Breathed new life into older hardware that was too crappy for Windows.
Thought it was neat, novel, fresh, etc.
Free. Why pay for or pirate Windows?
FOSS and, specifically, FOSS alternatives to paid software I’d otherwise have pirated.
Less targeted for malware.
Windows 11 says no to my aging, but plenty capable, computer (the last holdout on Windows til Win 10 hits EOL).
Reasonable, optional telemetry.
Not having to reboot (possibly more than once) during updates.
Fun to learn.
There are some reasons to like Windows, but it’s harder to justify with the direction Microsoft is, and has been, moving.

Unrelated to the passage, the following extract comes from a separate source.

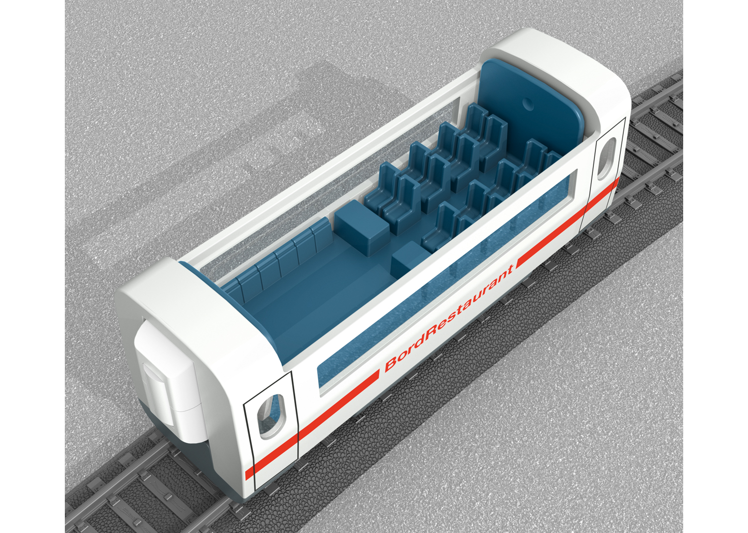 Märklin my world - Personenwagen Bord Restaurant - Vorbild: Speisewagen Bord Restaurant mit abnehmbarem, transparenten Dach.Modell: Wagen mit Inneneinrichtung und Raum zum Beladen. Transparentes Dach abnehmbar. Wagen mit Magnetkupplungen.Länge des Wagens 11,2 cmDas Bord-Restaurant ist die ideale Ergänzung zur Startpackung ICE 3 29430. Weitere Wagen sind unter den Artikelnummern 44123 und 44115 erhältlich.

EDIT: To actually answer your question about Steam and Linux… because I have a Steam account that I’ve had for many, many years with 1000 games that predates me moving to Linux in a more serious capacity. While I could move to GOG (and have), I’m not just going to throw away my game library. But also, Steam working to make gaming more mainstream on Linux is a net positive for Linux in general. That was always the reason many people gave for why they wouldn’t switch - that, and proprietary software that won’t run on anything other than Windows or maybe Mac.
I’m on Ubuntu 22.04 using lutris. I also have my game installed on an ext4 partition. Too many different variables there to try to make any general assumptions on why it isn’t launching for them.